Exercise aim
In the listing below, find the line containing "Pairs perfectly with: The" and the line containing "成份:大黑干[非基因改造黃豆". Repeat exactly those two lines and every line between them, nothing more.

Data provided
-----

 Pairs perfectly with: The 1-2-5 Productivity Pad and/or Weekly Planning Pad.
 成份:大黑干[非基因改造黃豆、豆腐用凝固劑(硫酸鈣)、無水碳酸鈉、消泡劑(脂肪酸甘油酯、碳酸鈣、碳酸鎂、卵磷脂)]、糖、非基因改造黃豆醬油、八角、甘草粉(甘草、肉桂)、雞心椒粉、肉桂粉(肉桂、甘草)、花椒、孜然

-----

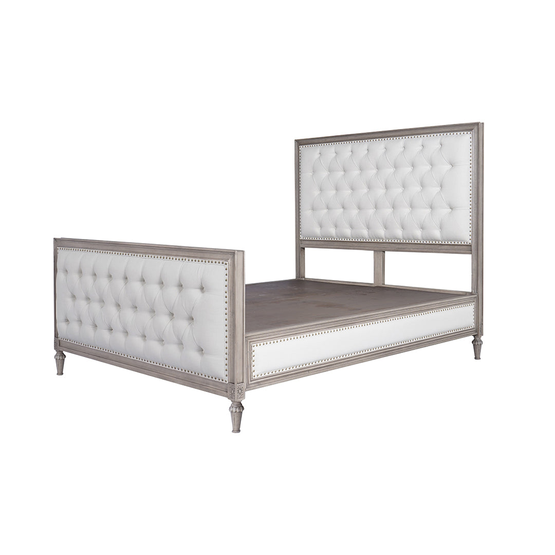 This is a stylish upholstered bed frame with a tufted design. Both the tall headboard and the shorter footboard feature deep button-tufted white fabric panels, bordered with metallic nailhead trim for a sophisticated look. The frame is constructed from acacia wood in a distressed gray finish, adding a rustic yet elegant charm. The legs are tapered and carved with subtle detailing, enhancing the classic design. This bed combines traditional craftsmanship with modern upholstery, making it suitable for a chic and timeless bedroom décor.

-----

Response below
 Pairs perfectly with: The 1-2-5 Productivity Pad and/or Weekly Planning Pad.
 成份:大黑干[非基因改造黃豆、豆腐用凝固劑(硫酸鈣)、無水碳酸鈉、消泡劑(脂肪酸甘油酯、碳酸鈣、碳酸鎂、卵磷脂)]、糖、非基因改造黃豆醬油、八角、甘草粉(甘草、肉桂)、雞心椒粉、肉桂粉(肉桂、甘草)、花椒、孜然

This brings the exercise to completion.